I've noticed a hot debate on another forum regarding this subject. Few say all photocopies have to be notarized. Others say only those which are not in english/french (or) those docs for which there are no originals available (eg: experience letter not issued by company etc) should be notarized. 

Can someone please clarify.. Thanks


----------



## xxxxxxxxxxxxxsssagi (May 21, 2013)

chakradhard said:


> Read subject as 'Document to be* notarized'
> 
> 
> I've noticed a hot debate on another forum regarding this subject. Few say all photocopies have to be notarized. Others say only those which are not in english/french (or) those docs for which there are no originals available (eg: experience letter not issued by company etc) should be notarized.
> ...


The application guide clearly mentions about sending certified copies for translation of documents which are not in English or French language and nowhere else is it mentioned. Therefore, notarization is not mandatory for documents in English or French.

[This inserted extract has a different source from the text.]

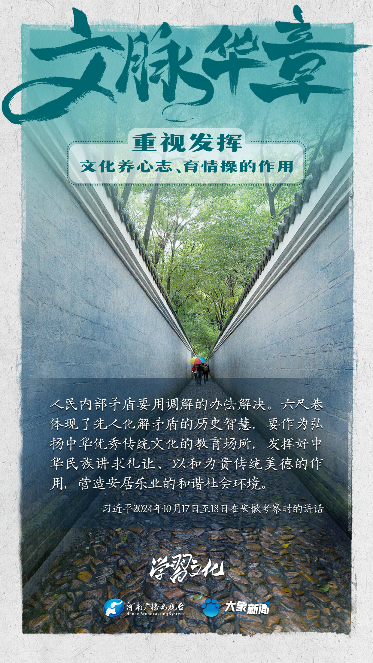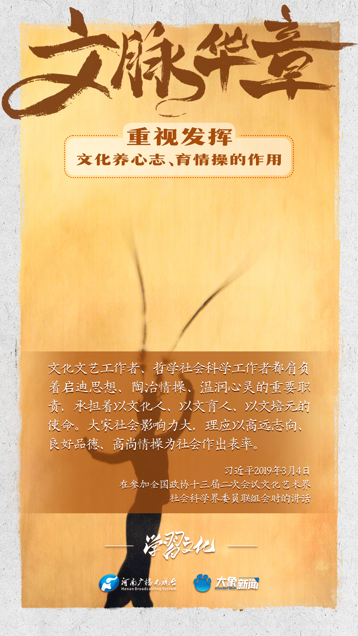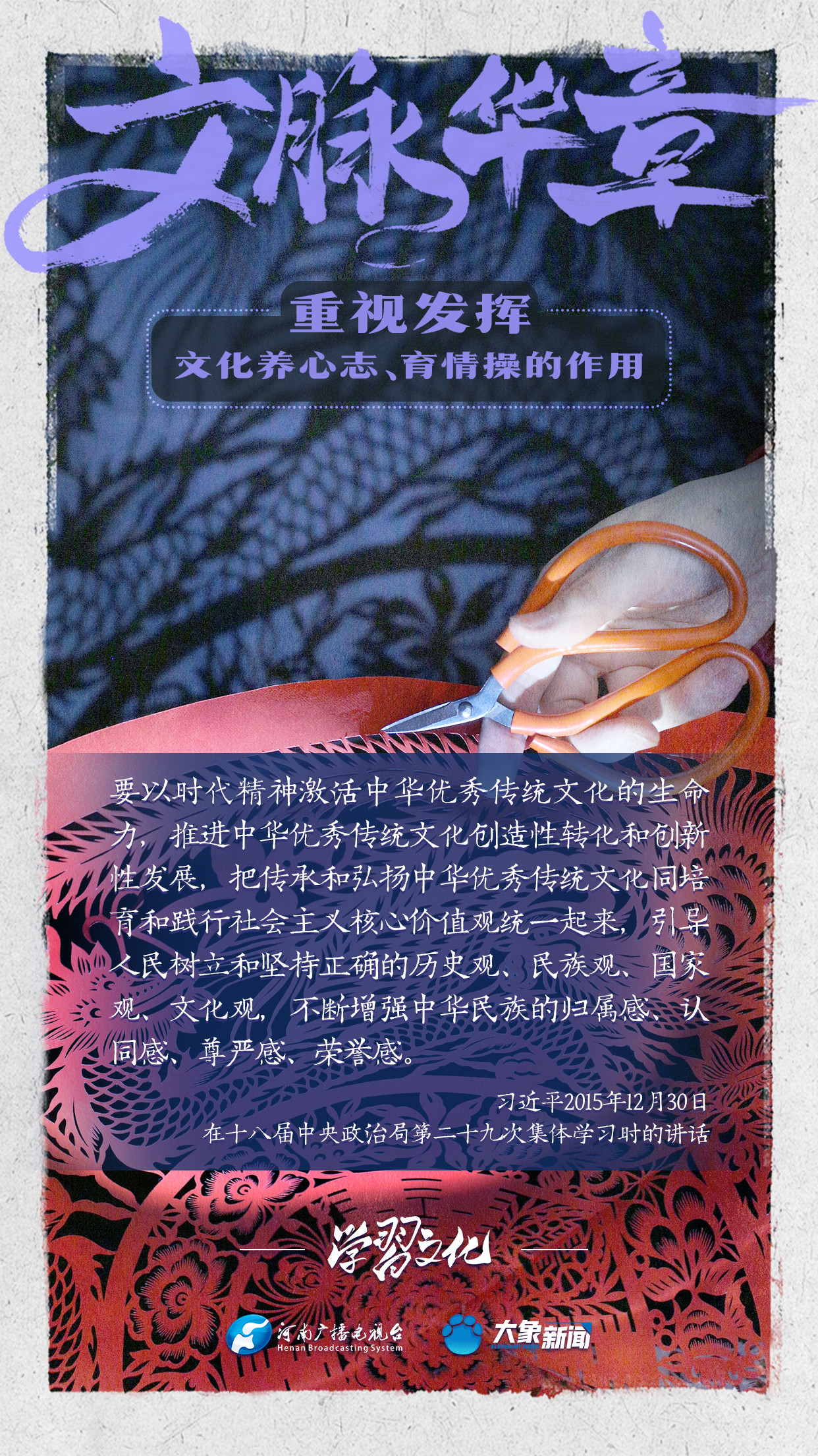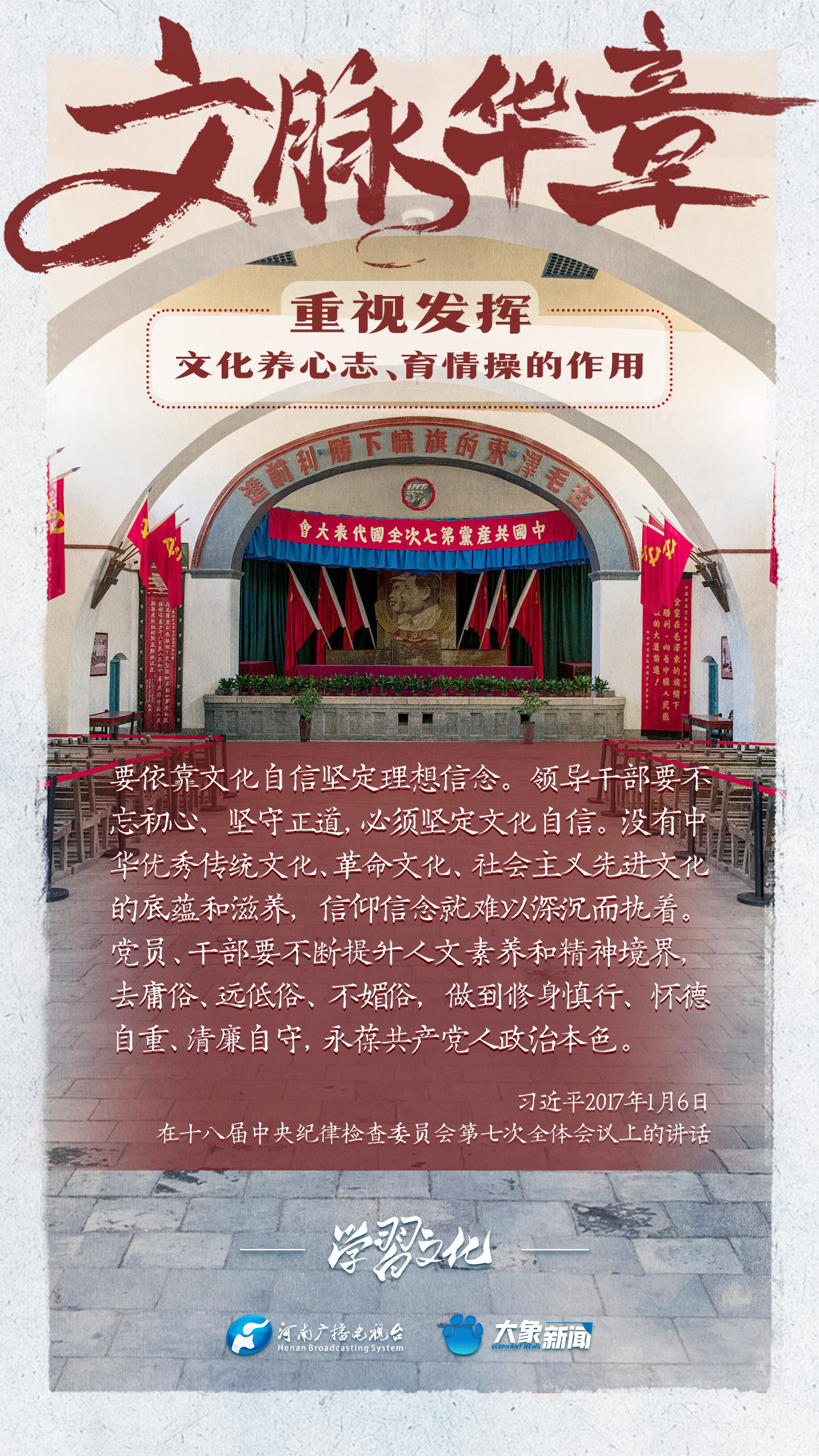 習(xí)近平總書(shū)記在主持中共中央政治局第十七次集體學(xué)習(xí)時(shí)強(qiáng)調(diào),重視發(fā)揮文化養(yǎng)心志、育情操的作用,涵養(yǎng)全民族昂揚(yáng)奮發(fā)的精神氣質(zhì)??倳?shū)記高度重視文化的作用,發(fā)表了一系列重要講話,倡導(dǎo)以文載道、以文傳聲、以文化人。我們一起學(xué)習(xí)。

Hundreds of applicants have got PER without notarization. Below is the extract from CIC instruction guide.

________________________________________________________________
Translation of documents

Any document that is not in English or French must be accompanied by:

the English or French translation; and
an affidavit from the person who completed the translation; and
a certified copy of the original document


----------



## chakradhard (Aug 5, 2014)

Certified true copies is a separate section given there.. It didn't have any specific reference to language translation. Hence my doubt.

If many have got PERs without notarized photocopies, then I don't see any issue


----------



## fromblr (May 29, 2013)

i do not see any documents which says notary is mandatory


----------



## chakradhard (Aug 5, 2014)

Thq


----------